We are going to achieve this by encapsulating the vlan customers are part of into a VNI which will be an additional tag that would be placed on top of the standard frame. The only thing we have to ensure is both servers on different leaf switches, whatever vlan they are part of, should be bridged to the same VNI. Vlans are only locally unique to the leaf switch.

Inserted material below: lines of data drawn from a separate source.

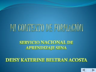 El documento describe la historia, misión, visión y símbolos del Servicio Nacional de Aprendizaje (SENA) de Colombia. Explica que el SENA fue creado en 1957 para brindar formación profesional y técnica. Su misión es ofrecer formación que contribuya al desarrollo del país, mientras que su visión es convertirse en una entidad líder mundial en formación profesional para el 2020. También describe los roles del aprendiz y tutor SENA y los sistemas de administración de aprendizaje que utiliza, como la pl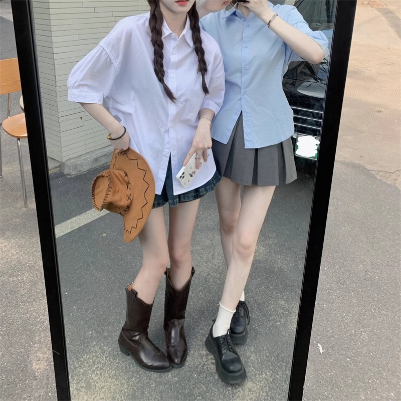 新款 胖mm宽松百搭衬衣polo领开叉薄款 短袖 女大码 上衣 衬衫 2025夏季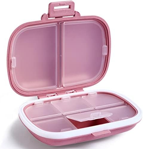 Large Capacity: The daily pill organizer has 8 compartments (6+2), 6 small chambers for little pills and 2 large chambers for vitamins. Pills of different sizes are placed in compartments of different sizes.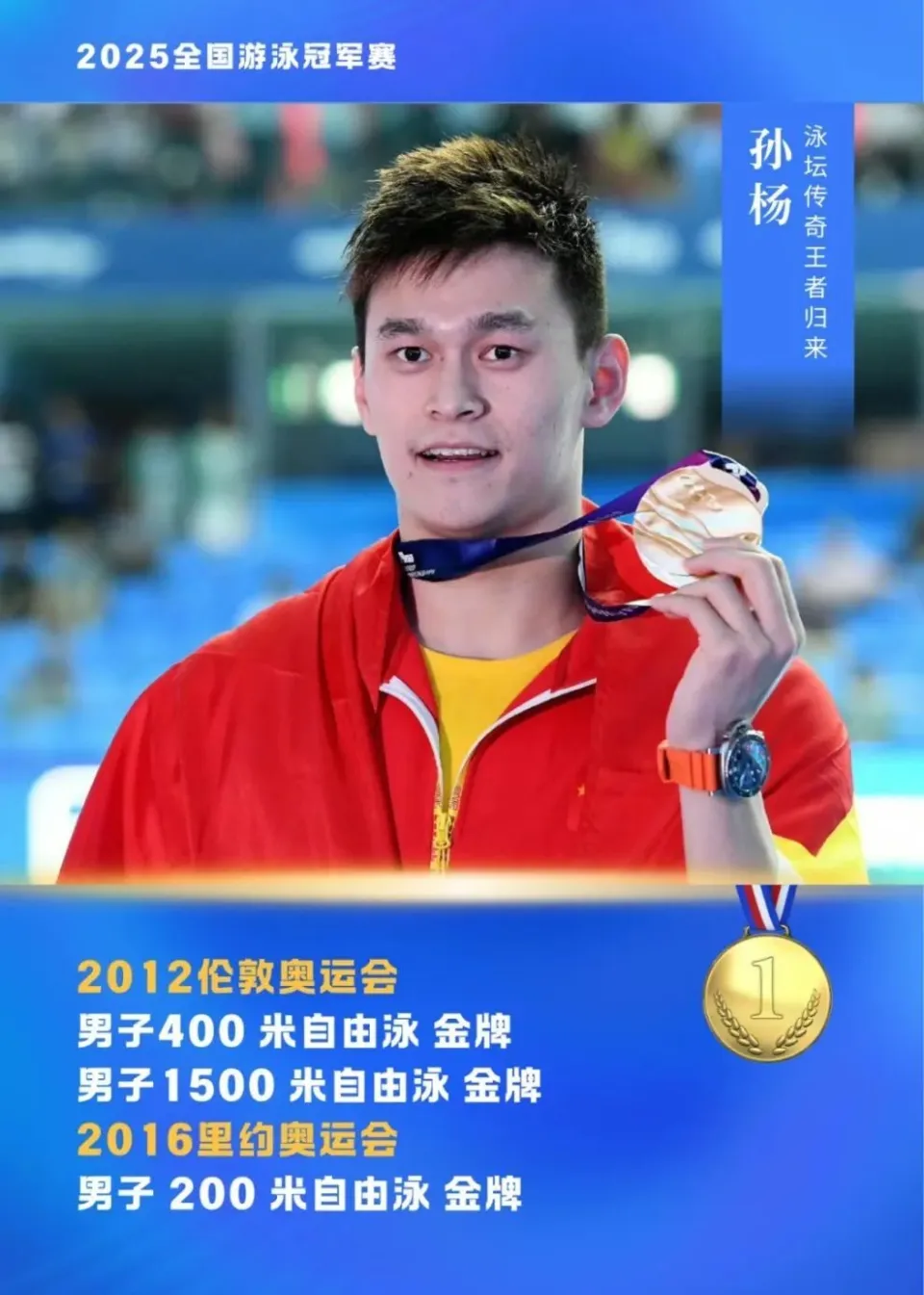 相信在大家的支持下,孙杨能够王者归来,再夺世界冠军!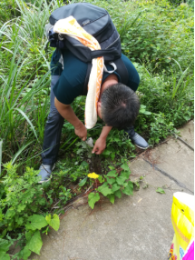 找到这株细辛,真的让我们兴奋了好久,别的植物挖了之后直接学完观察完之后就扔在蛇皮袋里,而细辛,为了保护他细细的根,我们还特地为他的根加了一层外衣-小塑料袋,来对他进行保护。能享受到这样待遇的植物,不仅仅是因为他的根易破坏,当然也是因为他是野外难得可以挖到的好植物。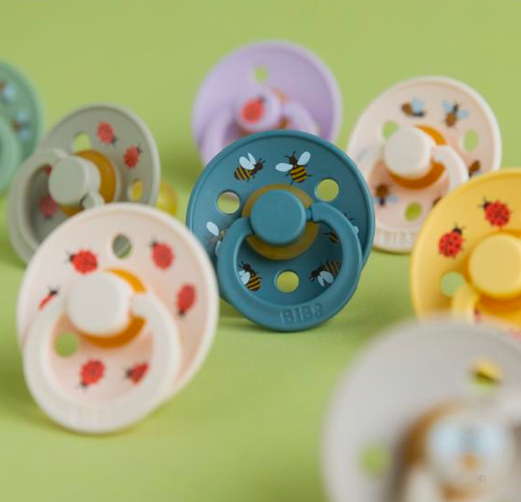 BIBS Colour pacifier is the original BIBS pacifier and has been on the market for over 40 years. It has the signature round BIBS shield with three vent holes and round BIBS engraved handle ring.• Available in natural rubber latex
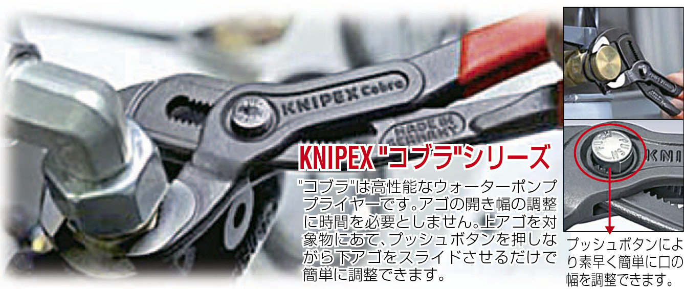 | 上のアゴを対象物にあて、プッシュボタンを押しながら、下アゴを上にスライドさせるだけで簡単に調整することができます | |||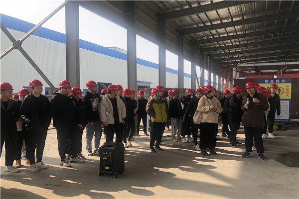 交院師生首先聽取了項目總工對公司及項目情況、施工工藝技術(shù)、施工流程情況介紹,同時觀看了項目實時航拍視頻。隨后,在項目負(fù)責(zé)人的帶領(lǐng)下,有序進(jìn)入施工現(xiàn)場參觀了項目鋼筋加工場、拌合站及梁板預(yù)制場,并觀看了T梁預(yù)應(yīng)力張拉施工工藝。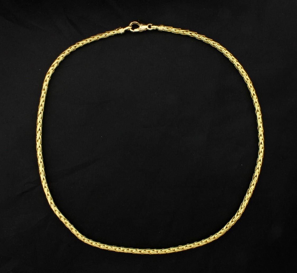 In 18K yellow gold the chain is a very unique foxtail design and has a lobster clasp. The chain is 3.3mm thick. 31.7g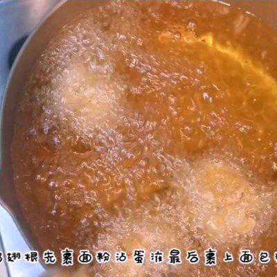7、先沾干粉,在泡蛋液,最后裹面包糠

Once the necessary configuration has been applied, the traffic work flow would be as follows:

Customer Server A would send an arp request to leaf05 which would be a broadcast request with a ff.ff.ff.ff type destination mac address. This broadcast packet when received by leaf05 would be sent to all local ports that are part of the same vlan by means of traditional layer 2 broadcast and all other leaf switches that have a valid VTEP configured over IP. A VTEP is a virtual tunnel IP which is the same as the loop back address. All layer 2 overlay traffic is sent and received between VTEPs over IP. The only difference here on wards would be that the broadcast packet would be forwarded over ip multicast instead to other VTEPs.

In this example, we have already established BGP as the underlying IP fabric so all VTEPs, i.e. leaf switches loopback addresses are already present in the routing table of each leaf switch.

The broadcast packet would then be encapsulated with the associated VNI tag and forwarded to all other VTEPs. Once received by other leaf switches, if the VNI is locally configured on a leaf switch, it would strip the vni tag and forward the frame to all ports that are associated to that VNI.

The ARP request was intended for Customer Server B which had IP 10.22.22.5 configured on it. Therefore, every host that receives that ARP request would discard it apart from Customer Server B. Customer Server B would formulate an ARP reply based on the destination mac address of Customer Server A which was found in the ARP request. This reply would be forwarded to leaf08 which would already know the destination mac address of Customer Server A as it made an entry of the mac address and associated it with the ip address 10.22.22.2 along with the next hop address of leaf05 it was advertised from.

The packet is then forwarded to leaf05’s VTEP address and leaf05 would perform the same function upon receiving the packet as leaf09 did and forward the frame to Customer Server A.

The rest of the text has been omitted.